Core Theme teams review data associated with their core theme objectives and make recommendations based on their data analysis. There are four teams: the Liberal Arts Foundation Core Theme Team; the Professional Preparation Core Theme Team; the Christ-centered Community Core Theme Team; and the Local and Global Engagement Core Theme Team. Core Theme teams report to the Provost.

Creation Core Committee

The Creation Care Committee reviews ways in which the university can reduce waste, recycle more, lower its carbon footprint and create positive environmental change on campus. Reports to the Provost.

Crisis Management Team

The Critical Incident Response Team prepares for, and responds to, large scale emergencies affecting the GFU community. Chair and membership appointed by the Vice President for Student Life. Faculty representation appointed by the Provost. Reports to the Vice President for Student Life.

Employee Council

The Employee Council is dedicated to building unity between faculty, staff, and administration, representing employee concerns, and increasing employee satisfaction and longevity. This committee is primarily a policy and recommending group, creating a place for all employees to process and suggest solutions to unique concerns or problems, which impact the broad GFU community. The EC members include 3 staff, 3 faculty and 3 administrators, some of which are appointed by other committees. Chair selected by the members. One staff and one faculty member are appointed by the Staff Development Committee and Faculty Senate, respectively. Other members are appointed by the Vice President and Chief Financial Officer and Vice President for Enrollment and Marketing in consultation with the Provost. Reports to the Vice President and Chief Financial Officer and Executive Vice President for Enrollment and Marketing.

 

Facilities Committee

The Facilities Committee reviews ongoing campus facility needs, makes recommendations, considers space usage, establishes priorities, and manages long range planning issues. Chair and membership appointed by Vice President and Chief Financial Officer. Faculty representation appointed by the Provost. At least one faculty senator will be a member of this committee. Reports to the Vice President and Chief Financial Officer.

ADA Sub-Committee

The ADA Sub-Committee makes recommendations for the continual upgrading of campus facilities to meet the needs of disabled students, staff and guests. Chair and membership appointed by Vice President and Chief Financial Officer. Faculty representation appointed by the Provost. Reports to the Vice President and Chief Financial Officer.

Financial Aid Committee

The Financial Aid Committee reviews suggested policy changes involving institutional aid and considers appeals from students who have not been making Satisfactory Academic Progress. Chair and membership appointed by Vice President and Chief Financial Officer. Faculty representation appointed by the Provost. Reports to the Vice President and Chief Financial Officer.

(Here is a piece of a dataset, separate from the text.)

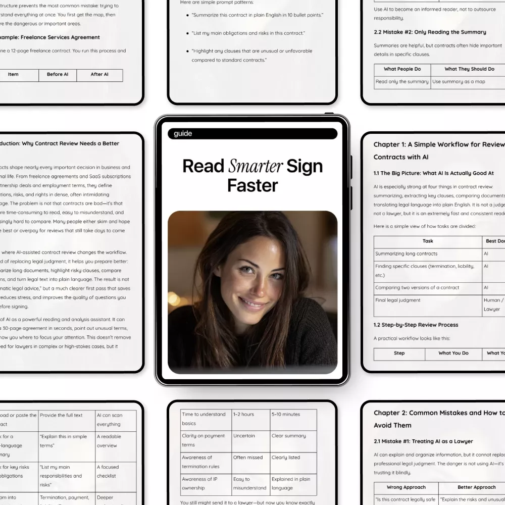 Contracts shouldn’t feel overwhelming, intimidating, or impossible to understand. Read Smarter Sign Faster is a practical, easy-to-follow guide designed to show you how to approach contract review with ai in a smart, safe, and effective way. Instead of guessing what matters or relying on vague summaries, this guide helps you build a clear workflow so you can understand agreements faster, spot risks sooner, and make better decisions before you sign.
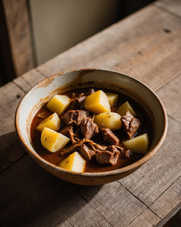 A mouthwatering beef stew with tender potatoes served in a rustic bowl. This hearty dish showcases rich flavors and fresh herbs, perfect for comfort meals.

Institutional Diversity Committee

The Institutional Diversity Committee provide strategic direction in developing and overseeing initiatives furthering institutional diversity efforts. Faculty representation appointed by the Provost.

 

Safety Committee

The Safety Committee works to meet OSHA regulations, establishes accident investigation procedures, reviews all accidents and recommends preventative action, establishes employee reporting processes for hazards, evaluates safety accountability, and recommends improvements. Chair and membership appointed by Vice President and Chief Financial Officer. Faculty representation appointed by the Provost. Reports to the Vice President and Chief Financial Officer.

Security Committee

The Security Committee collaborates across departments whose work interfaces on security issues; reviews security systems, policies and initiatives. Chair and membership appointed by the Vice President for Student Life. Faculty representation appointed by the Provost. Reports to the Vice President for Student Life.

Staff Development Committee

The Staff Development Committee sponsors activities and an annual conference to promote personal growth, professional development, and community amongst the university staff. Chair appointed by the Staff Development Committee. Membership voted annually by the university staff. Reports to the Vice President for Enrollment and Marketing.

Student Life Appeals Board

This Board hears appeals from students who have been suspended. Reports to the Provost and Vice President for Student Life.

Student Support Network

The Student Support Network identifies struggling students and provides timely intervention. Chair and membership appointed by the Vice President for Student Life. Faculty representation appointed by the Provost. Reports to the Vice President for Student Life.

Technology Advisory Team

The Technology Advisory Team (TAT) is responsible for strategic and budgetary technology decisions, primarily through review and approval of proposals from the Hybrid Learning Program Team (HLPT) and Fox Administrative Systems Team (FAST). The most active area is technology life cycle and computer replacement. Chair and membership appointed by the Provost and Vice President and Chief Financial Officer in consultation with the Chief Information Officer. Reports to the Vice President and Chief Financial Officer.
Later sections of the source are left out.